Se c’è una cosa che nessuno di noi può mai decidere è quando nascere e dove. Lì veniamo collocati dalla vita e da lì possiamo iniziare a fare le nostre scelte. Edipo nasce da una situazione su cui incombono pronostici tremendi, da genitori che cercano di sbarazzarsi di lui, in una città dove regna già il caos. E dai suoi sciagurati genitori ricadranno su di lui fiumi di sciagure. Agli occhi dei cittadini di allora e di tanta letteratura che ne ha tramandato la storia sembra solo un arrogante che vuole troppo, un insaziabile forse, un immorale. Ma in effetti le cose non sono andate così: ignorava l’origine della sua nascita, ignorava che quella donna che gli era toccato di sposare fosse sua madre e non poteva dunque essere responsabile di quanto fosse accaduto.

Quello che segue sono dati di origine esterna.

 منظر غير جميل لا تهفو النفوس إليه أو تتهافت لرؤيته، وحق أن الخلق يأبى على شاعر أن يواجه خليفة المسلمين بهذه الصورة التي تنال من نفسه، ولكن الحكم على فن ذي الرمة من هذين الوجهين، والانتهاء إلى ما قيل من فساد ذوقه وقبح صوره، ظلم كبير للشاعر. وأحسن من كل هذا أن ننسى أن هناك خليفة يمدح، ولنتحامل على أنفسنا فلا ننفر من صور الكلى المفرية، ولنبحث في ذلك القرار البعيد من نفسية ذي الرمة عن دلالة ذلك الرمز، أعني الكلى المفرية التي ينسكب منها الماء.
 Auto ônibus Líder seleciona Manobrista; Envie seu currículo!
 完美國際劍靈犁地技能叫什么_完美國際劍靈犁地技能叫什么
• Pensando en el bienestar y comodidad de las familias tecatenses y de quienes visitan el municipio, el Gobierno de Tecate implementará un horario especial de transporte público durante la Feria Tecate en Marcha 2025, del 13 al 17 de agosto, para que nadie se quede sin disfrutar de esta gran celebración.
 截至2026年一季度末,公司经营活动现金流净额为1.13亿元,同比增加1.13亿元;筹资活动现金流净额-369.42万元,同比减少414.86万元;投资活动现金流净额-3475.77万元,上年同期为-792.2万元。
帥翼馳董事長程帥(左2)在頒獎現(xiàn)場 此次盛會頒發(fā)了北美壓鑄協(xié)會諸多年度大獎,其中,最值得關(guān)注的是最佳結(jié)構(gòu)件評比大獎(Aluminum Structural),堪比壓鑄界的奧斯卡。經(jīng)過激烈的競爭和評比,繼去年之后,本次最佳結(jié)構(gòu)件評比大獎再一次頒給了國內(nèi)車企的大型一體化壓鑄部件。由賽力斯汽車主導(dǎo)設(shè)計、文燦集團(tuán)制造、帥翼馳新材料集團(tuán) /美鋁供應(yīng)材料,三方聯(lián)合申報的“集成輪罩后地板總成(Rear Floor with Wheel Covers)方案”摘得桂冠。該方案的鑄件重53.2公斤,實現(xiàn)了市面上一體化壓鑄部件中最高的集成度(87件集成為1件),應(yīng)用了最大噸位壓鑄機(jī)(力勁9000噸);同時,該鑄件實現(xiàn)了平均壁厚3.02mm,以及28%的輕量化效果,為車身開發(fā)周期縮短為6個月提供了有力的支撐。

E ha espiato, con coraggio direi (certamente con disperazione e dolore), per i torti inconsapevolmente commessi. L’Edipo a Colono ce ne darà testimonianza.
A volte tutta la nostra vita è un vivere di rendita per la fortunata condizione in cui si è nati, altre volte è un pagare le conseguenze della propria sorte o un cercare di liberarsi da una eredità che lo infanga e lo schiaccia. Così è stato per Peppino Impastato o Rita Adria, ma – con carattere più personale che sociale – così è per tutti coloro che con grande sofferenza cercano di far propri valori che in famiglia non hanno trovato, di non commettere sbagli di cui hanno subito le conseguenze, di recuperare una capacità di contatto che relazioni frustranti hanno intaccato. In questo “essere un filo teso fra la bestia e il superuomo” – direbbe Nietzsche – è forse la condizione più drammatica e alta dell’essere umano: ristagnare, crogiolarsi, o provare a riscrivere la propria biografia secondo scelte coraggiose e audaci che mi appartengano e che mi qualificano come persona unica e speciale?

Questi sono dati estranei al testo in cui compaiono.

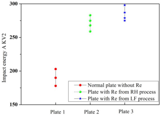 - RE has a positive effect on the toughness of the steel plate. The impact energy of the plate with RE is approximately 50 J higher than for a regular plate without RE. The toughness of the plate with RE from LF refining is better than that from RH refining.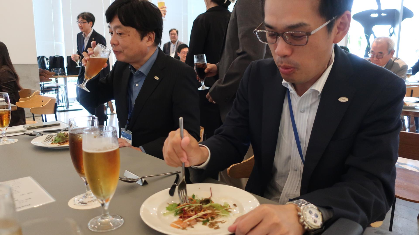 後半は食事をしながら・・・神戸浦中さん・東北菊池さん、乾杯の音頭でスタート
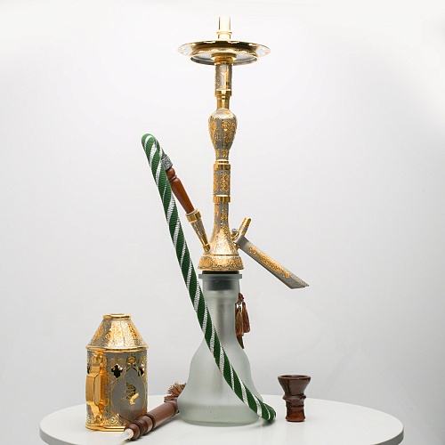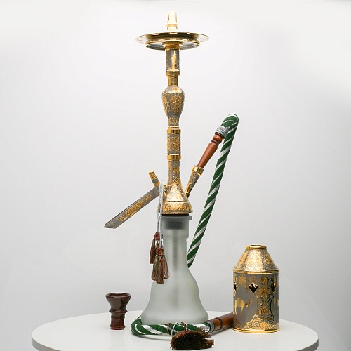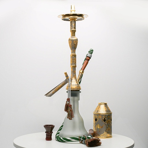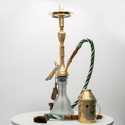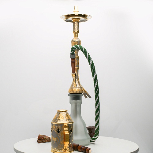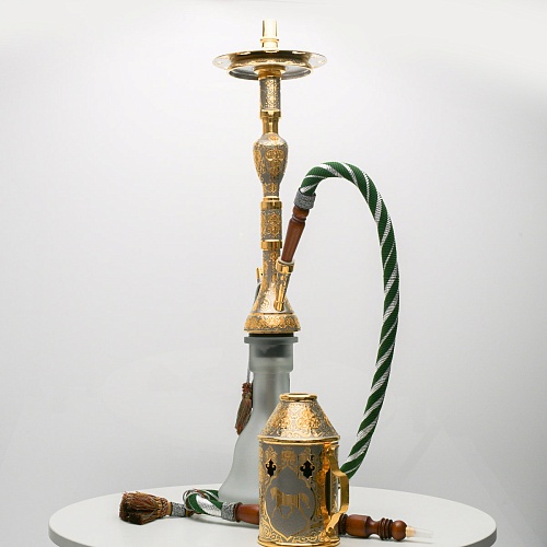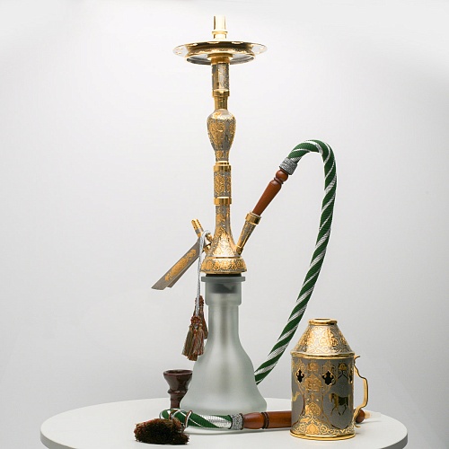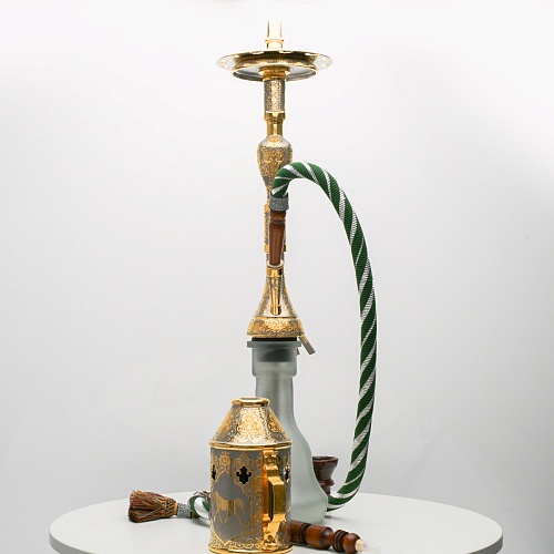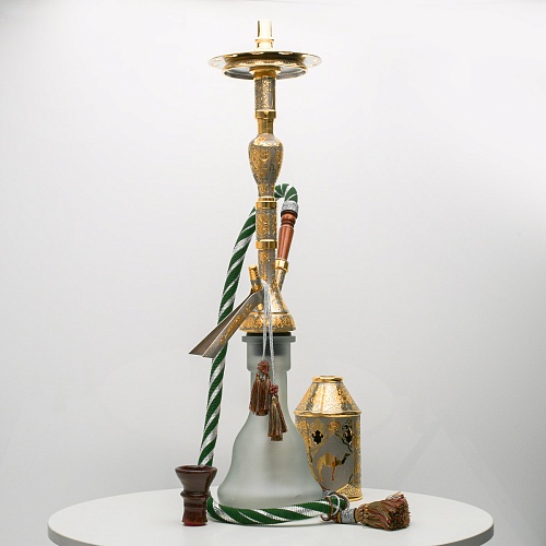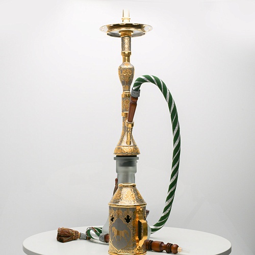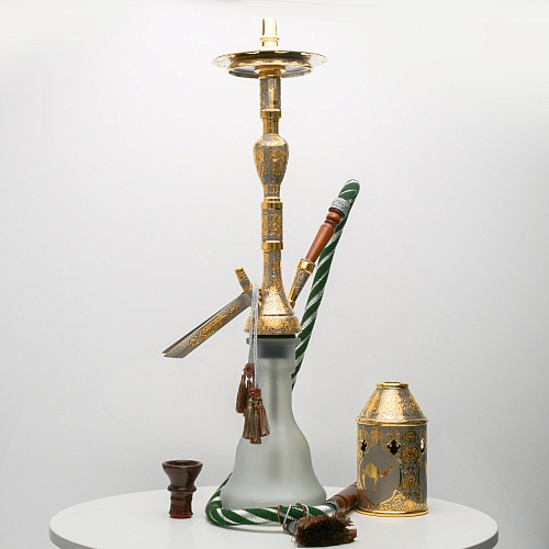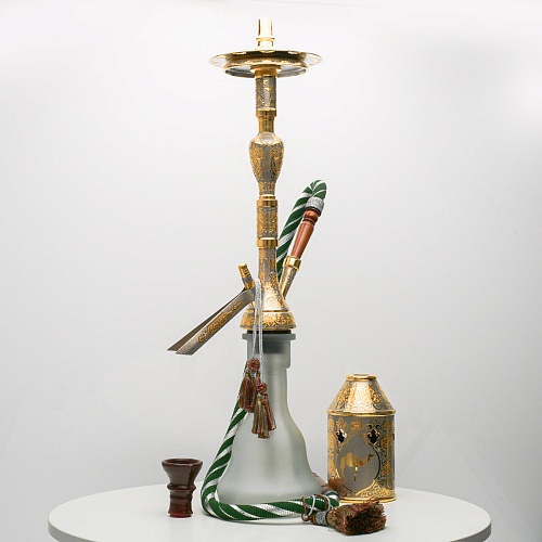 В изготовлении представленного кальяна принимали участие самые достойные мастера и художники Компании «АиР». Кальян украшен традиционными символами Востока: сокол – символ единства в стране; верблюд – символ хорошего предзнаменования, жизни, здоровья, любви; арабский жеребец – символ стремительности, выносливости, смелости и верности.

Crescere è “combattere la buona battaglia”, che per molti è compiere un lungo percorso di liberazione dal passato e di riscrittura di una storia nuova, più libera e serena, fatta di calore laddove assenze affettive hanno raggelato le viscere, di fervore nonostante i tanti “no” ricevuti, di fiducia anche senza appigli per sperare. Fra le ultime battute del dramma di Edipo c’è quella scultorea affermazione per cui bisogna attendere l’ultimo giorno per dire se è stata felice la nostra vita, e in questo clima pasquale direi che in un’ottica di fede bisogna attendere oltre la morte terrena per dare definizione al successo o meno della nostra vita. Quanto è vero! E per questo, fra le tante possibili risonanze che la storia di questo così narrato, sfruttato e frainteso mito ci offre, a me è piaciuto condividere proprio questa declinazione di una vita che è sempre ancora tutta da giocare e in cui possiamo essere vincitori grazie al nostro coraggio (agire col cuore) e all’incontro con persone giuste che sappiano aiutarci. Senza dimenticare che possiamo essere noi le persone giuste che gli altri possano sperare di incontrare.